# The problem
Take the lines from the line containing "Chinee utilise un" through the end of the entries and output them exactly, with no pictures and nothing more.

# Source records
· · ·

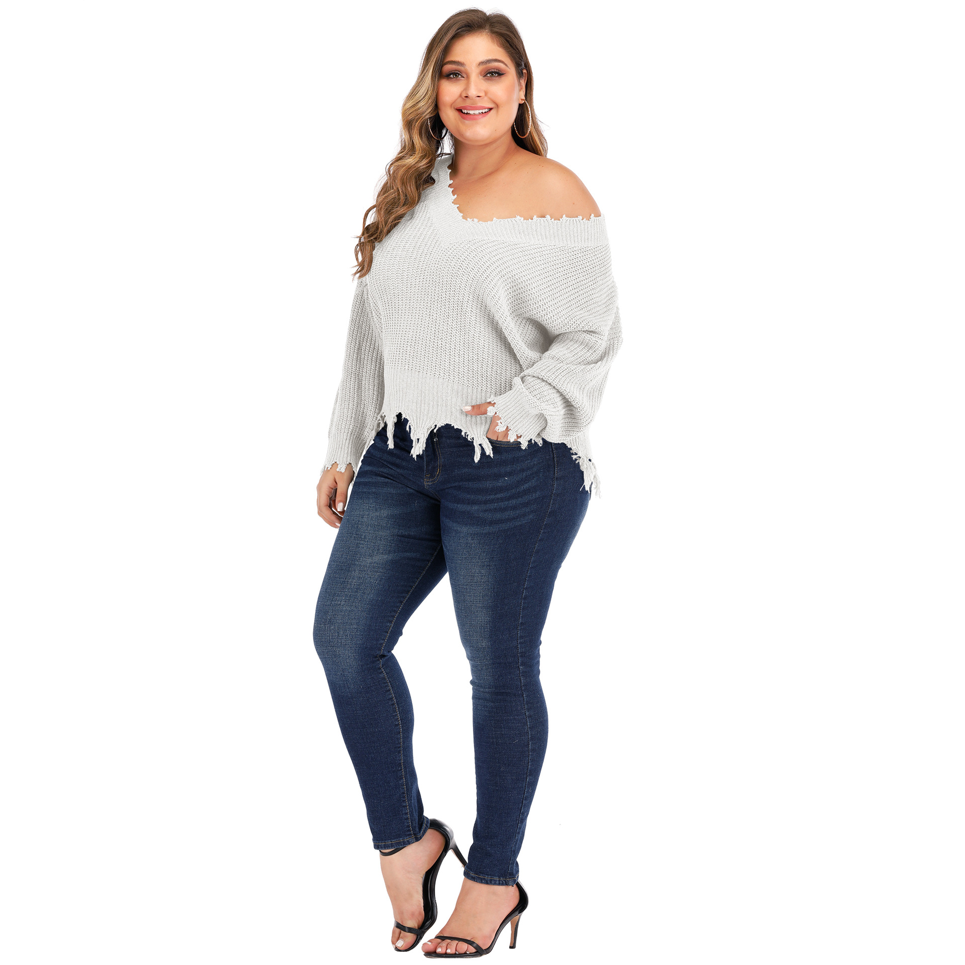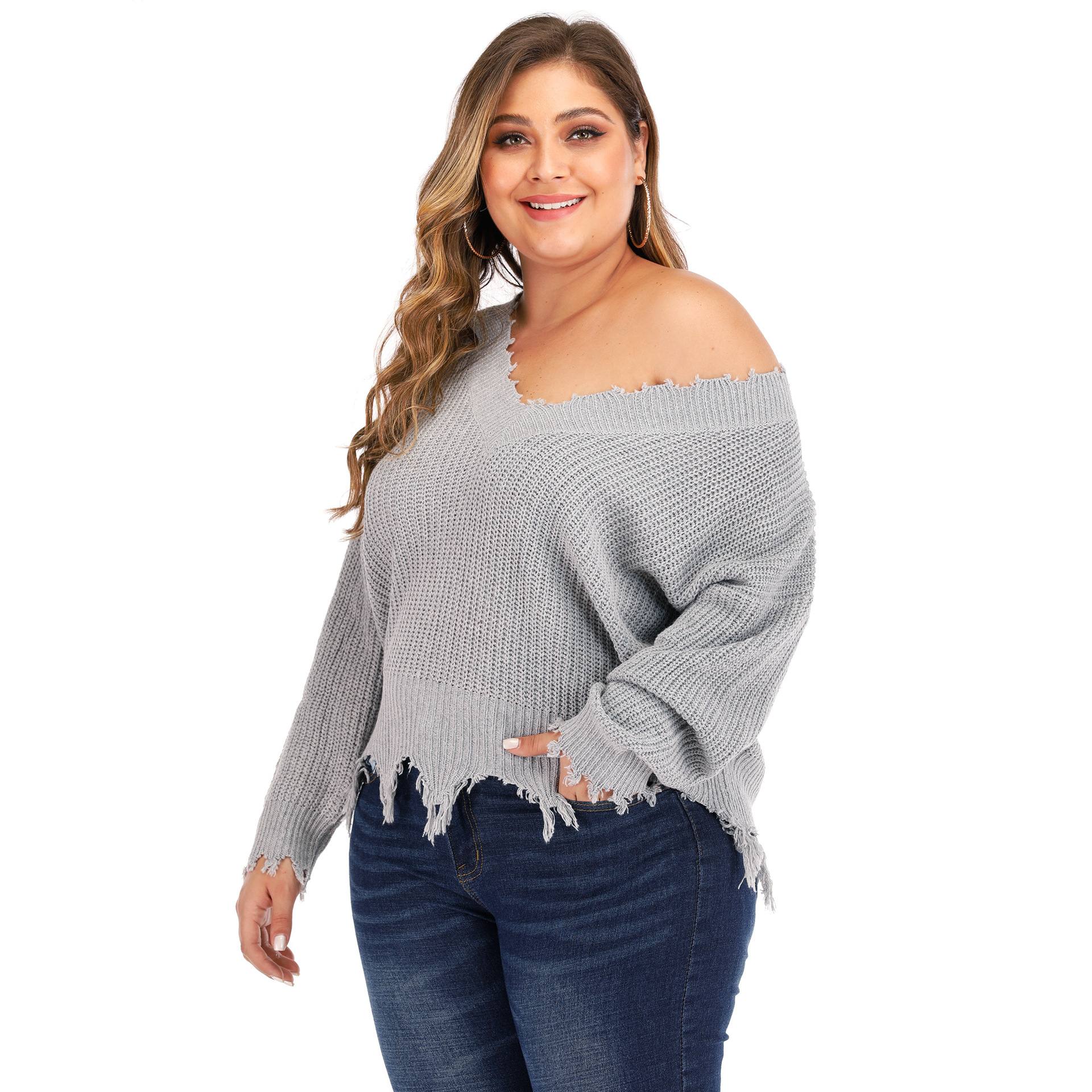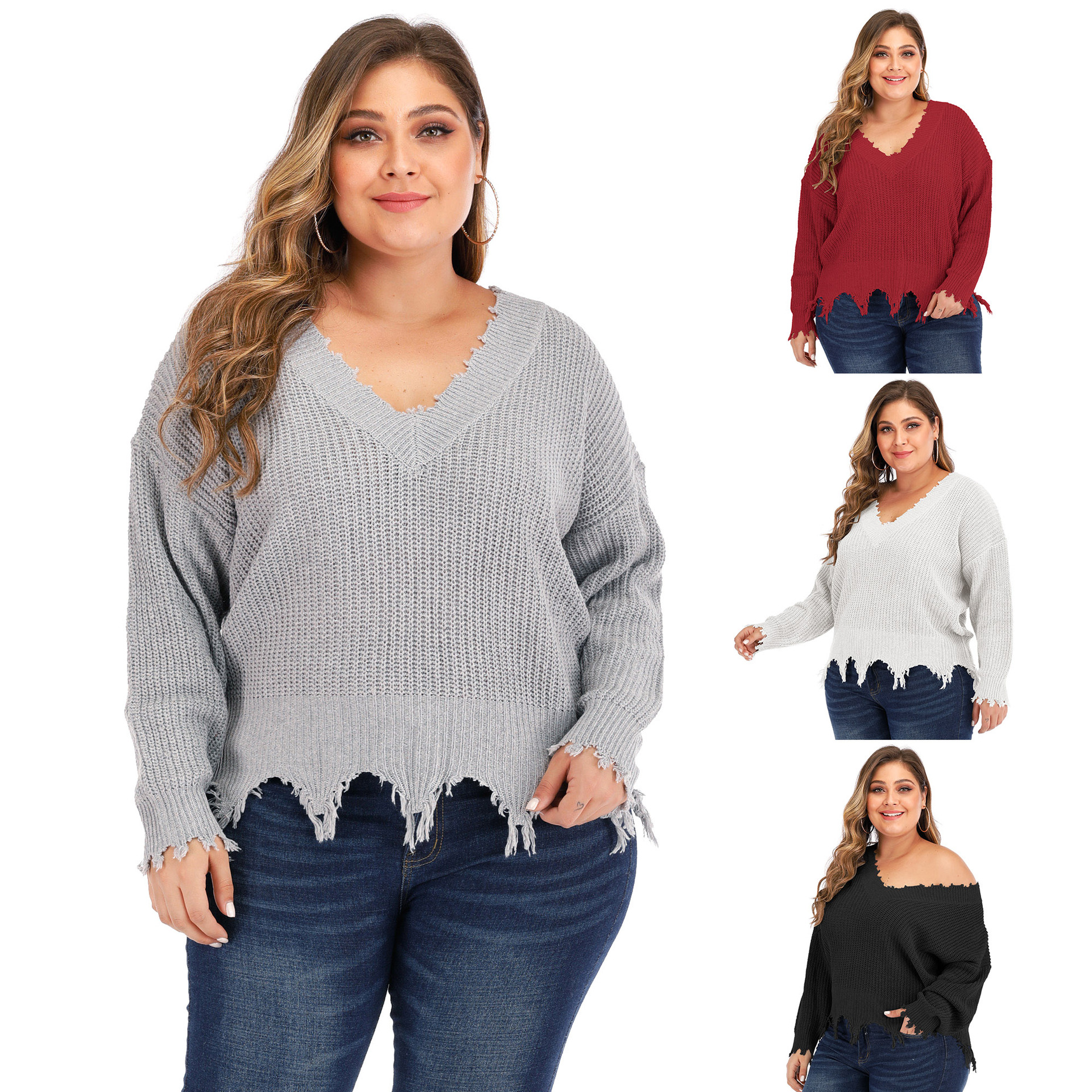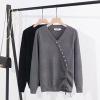 Ladies' Long Sleeve V-Neck Sweater with Plaid Detail and Thick Knit Material
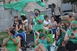 Miles de personas, en su mayoría mujeres con tapabocas y pañuelos verdes o vestimenta alusiva a la Campaña por el aborto legal, acompañaban desde las calles el desarrollo de la sesión, a través de monitores gigantes colocados en avenidas aledañas al Congreso
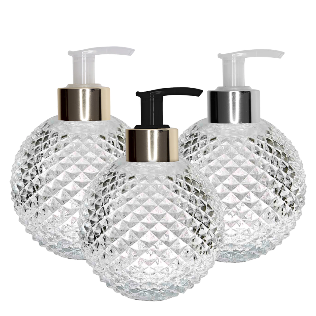 O Frasco Vidro Bola Bico de Jaca Cristal 330ml com Válvula Pump combina elegância e funcionalidade, sendo perfeito para diversos usos no artesanato e na cosmética. Seu design com textura clássica de bico de jaca proporciona um toque sofisticado às suas criações. É a escolha ideal para produtos que demandam praticidade e estilo.
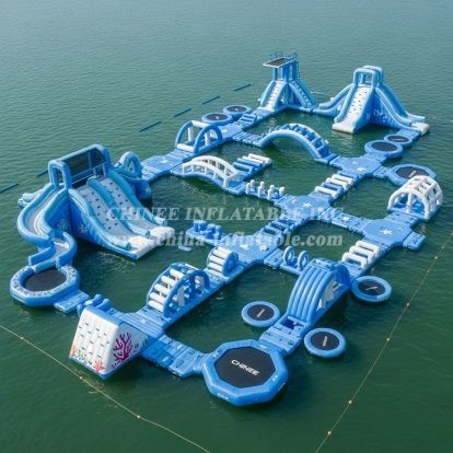 Chinee utilise un matériau personnalisé anti-UV et résistant à la chaleur, ce qui prolonge la durée de vie du parc aquatique flottant de 30% à 50% par rapport au matériau normal que la plupart des fournisseurs ont utilisé, notamment dans les zones à forte exposition aux rayons UV et aux températures élevées.
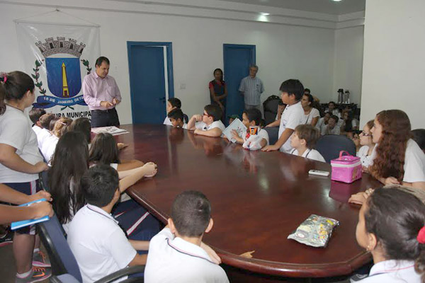 os estudantes puderam visitar a estrutura da sede do executivo, incluindo a sala do prefeito, de onde se dirigiram também para uma visita a Câmara de Vereadores para ver o funcionamento do Legislativo Municipal. (Comunicação / Prefeitura)

· · ·

# Finished exercise
 Chinee utilise un matériau personnalisé anti-UV et résistant à la chaleur, ce qui prolonge la durée de vie du parc aquatique flottant de 30% à 50% par rapport au matériau normal que la plupart des fournisseurs ont utilisé, notamment dans les zones à forte exposition aux rayons UV et aux températures élevées.
 os estudantes puderam visitar a estrutura da sede do executivo, incluindo a sala do prefeito, de onde se dirigiram também para uma visita a Câmara de Vereadores para ver o funcionamento do Legislativo Municipal. (Comunicação / Prefeitura)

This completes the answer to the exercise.